** Your instructions **
Omit all images, then repeat exactly the lines below from the one containing "Unveiling The Epic" through the one containing "Irregular Choice Hazel", both ends included.

+ + + + +

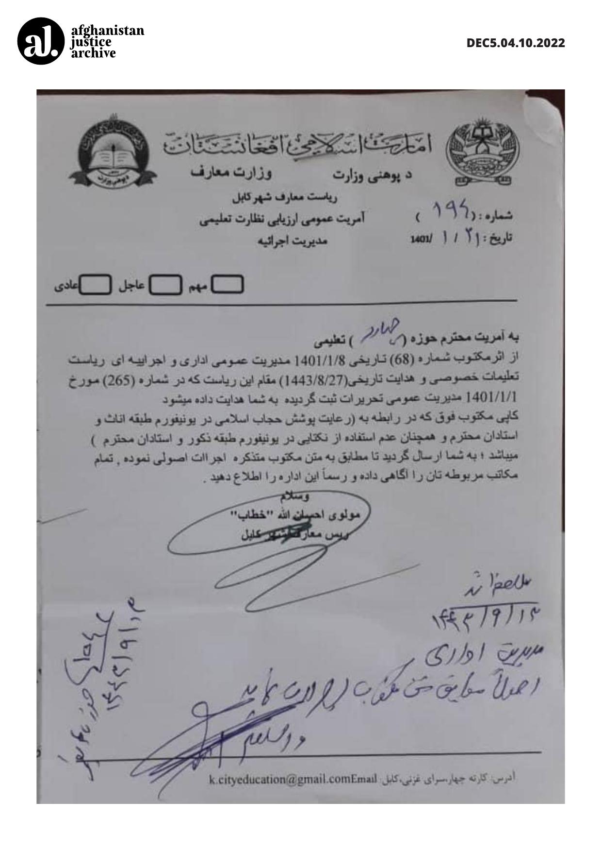 This directive institutionalizes the imposition of religious dress codes in schools, compelling both female and male students and teachers to comply with Taliban-defined "Islamic" standards. For girls and women, compulsory hijab represents a broader campaign of gender regulation; for boys and male teachers, banning neckties reflects ideological control over symbols perceived as "Western." These policies undermine personal autonomy and contribute to the politicization of the education system, where conformity to religious appearance is prioritized over academic freedom and inclusive learning environments.
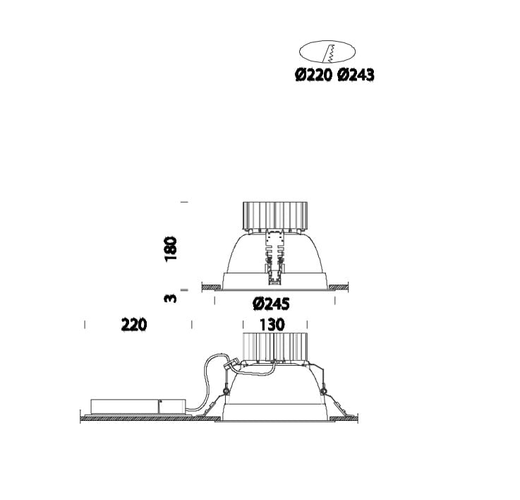 • Diametro incorporato - 220...243 mm
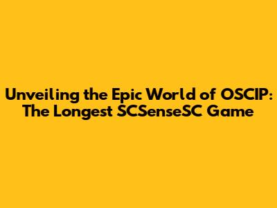 Unveiling The Epic World Of OSCIP: The Longest SCSenseSC Game
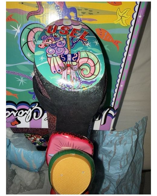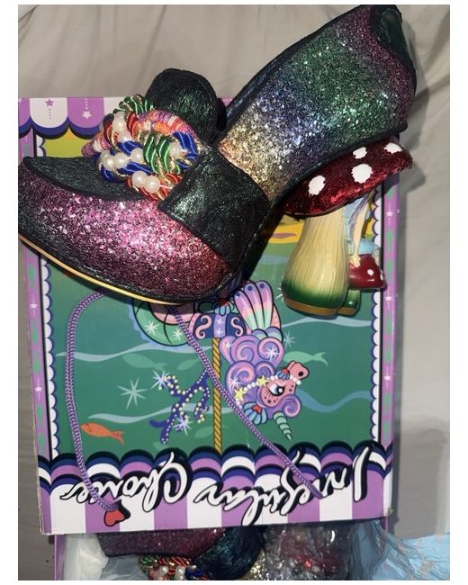 Irregular Choice Hazel Corntree concept heels with a hand-painted fairy and glitter-encrusted toadstool heel, and a shimmery toe band with a black, white, and pearl thread weave Box not new as they were kept in wardrobe for so long !!!
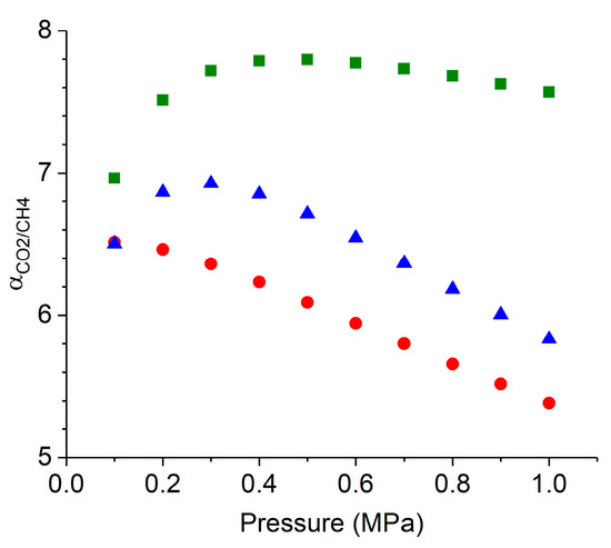 All the samples exhibited a better affinity towards CO2 than CH4. For all the materials, the ratio of equilibrium capacities of pure components was around 2. The prediction of co-adsorption isotherms via IAST allowed for the determination of the equilibrium selectivities of an equimolar binary mixture. Figure 14 presents the CO2/CH4 co-adsorption selectivities as a function of the equilibrium pressure at 298 K for HKUST−1/TPU, HKUST−1/PLA, and the pristine HKUST−1, respectively. It could be observed that CO2 was more preferentially adsorbed than CH4 for all the materials. Additionally, pristine HKUST−1 had the highest selectivity value in the whole equilibrium pressure range, followed by HKUST−1/TPU and HKUST−1/PLA. Furthermore, as the equilibrium pressure was greater than 3 bars, the selectivities of HKUST−1/TPU and HKUST−1/PLA were noticeably diminished, even if the variations remained small, whereas the selectivity of the pristine HKUST−1 did not vary significantly. This could be explained by the larger CH4 adsorption capacities of the composites, which lowered the separation selectivity despite their larger CO2 adsorption capacities. When comparing both the composites, HKUST−1/TPU was shown to be slightly more selective towards CO2 than HKUST−1/PLA, as the former had a slightly lower CH4 adsorption capacity than the latter.

+ + + + +

** Response to the task **
 Unveiling The Epic World Of OSCIP: The Longest SCSenseSC Game
 Irregular Choice Hazel Corntree concept heels with a hand-painted fairy and glitter-encrusted toadstool heel, and a shimmery toe band with a black, white, and pearl thread weave Box not new as they were kept in wardrobe for so long !!!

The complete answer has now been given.